В каком-то смысле Ньюмена можно было бы назвать «дедушкой» современного интеллектуализма. Он – ярый сторонник гуманитарно-либерального образования. Цели университетского курса понимались им широко: «Процесс подготовки, при котором интеллект вместо того, чтобы оказаться принесенным в жертву какой-либо частной или случайной цели, какому-нибудь специальному ремеслу или профессии, исследованию, науке, тренируется ради себя самого, ради самовоспитания и ради собственной высшей культуры, такой процесс и называется либеральным образованием». Этот «великий ирландец» многое предвидел из последующего невиданного взлета высшей школы. Такова, скажем, его идея Университета как культурного центра Вселенной. Нетрудно заметить, что это совершенно иной подход к высшему образованию, нежели, скажем, тот, что сформулирован Наполеоном. По мысли императора, «Университет должен быть прежде всего орудием правительства». Ньюмен же считает необходимым сверять научный и учебный прогресс прежде всего с вопросами нравственности и этики. В то время как человечество превозносило до небес интеллект и науку, он сумел увидеть их уязвимые места… За сто лет до трагедии Хиросимы и Нагасаки он утверждал: физическая наука «опасна, потому что она обязательно пренебрегает идеей морального зла» (1851). Ньюмен писал: «Интеллект беспомощен, потому что он неуправляем и саморазрушителен, если не руководствуется моральным правом и богооткровенной истиной». Время по праву закрепило за Ньюменом посмертную славу «отца классического университета». Можно сказать, что он создал основы концепции университета будущего.[262]

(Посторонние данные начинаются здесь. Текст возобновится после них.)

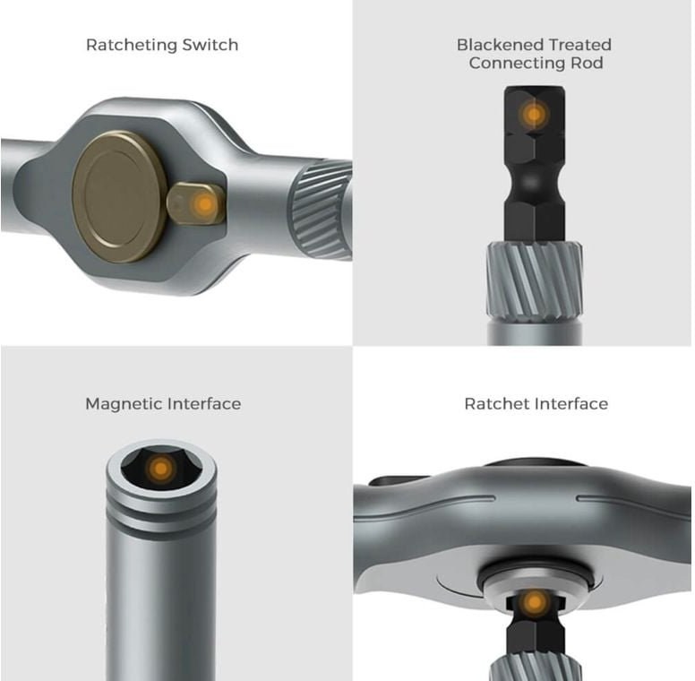 Ráčna rukoväť ponúka 58 zubov s rozstupom len 6,2°, čo zaručuje hladký chod aj v stiesnených priestoroch. Vďaka reverznému spínaču a ergonomickému dizajnu šetrí vaše zápästie až o 80 % viac ako bežné skrutkovače. Hliníkové telo je ľahké, ale mimoriadne odolné – ideálne na každodenné používanie.

Обучение «вкусной профессии».
О воздействии Дж. Ньюмена и его научно-педагогических взглядов на культурную жизнь Великобритании можно говорить довольно долго. Одним из косвенных примеров влияния этих идей стал роман ирландского писателя Джеймса Джойса (1882–1941), родоначальника литературы «потока сознания», «Портрет художника в юности»… В этом экзистенциальном «романе воспитания» отражены жизненные дороги нового поколения британских юношей (в судьбе Стивена Дедалуса). Вспомним, что в Англии, Ирландии, Шотландии, Уэльсе и в самом деле очень многое определялось уровнем образования. Не случайно эта тема присутствует у многих английских писателей (Скотт, Диккенс, Теккерей, Кронин). Не стали исключением и герои Джойса, ощущающие на себе все проблемы при выборе жизненного пути.
Путь в университетскую «обитель» отнюдь не выглядел легкой прогулкой. Возможно, поэтому Стивену Дедалусу, прекрасно представляющему себе все муки получения диплома, слышались в юных голосах студенческой братии «отголоски спазм будущей усталости и даже боли». При этом юноша вспомнил, что об этих же трудностях предупреждал и Ньюмен в эссе о воспитании («Эссе в помощь грамматики согласия», 1881). Герой романа встал перед необходимостью сделать серьезный выбор (накануне поступления в университетский колледж Дублина). Правда, учеба в университете видится ему как новое, чрезвычайно занимательное приключение. Занятия в его стенах ассоциируются у него со звуками прерывистой музыки. В эту музыку властно вплетаются слова Ньюмена («a proud cadence from Newman»).[263]
Немцы к середине XIX в. добились заметных успехов в науке, промышленности и образования. Поэтому становится популярной гумбольдтовская идея университета как исследовательского центра. Берлинская «модель» завоевывает признание. Дж. С. Милль, анализируя взгляды философа и педагога В. Гумбольдта, ратует за большую степень свободы в обучении: «Я утверждаю: экзамены на высшей ступени должны быть добровольными. Крайне опасно позволять правительству отчуждать человека от профессии. Если даже речь идет о тех учителях, которые имеют якобы недостаточную квалификацию. Подобно Вильгельму фон Гумбольдту полагаю, что научные степени, любые профессиональные сертификаты должны выдаваться всем, кто потребует аттестации и сумеет выдержать экзамен».[264]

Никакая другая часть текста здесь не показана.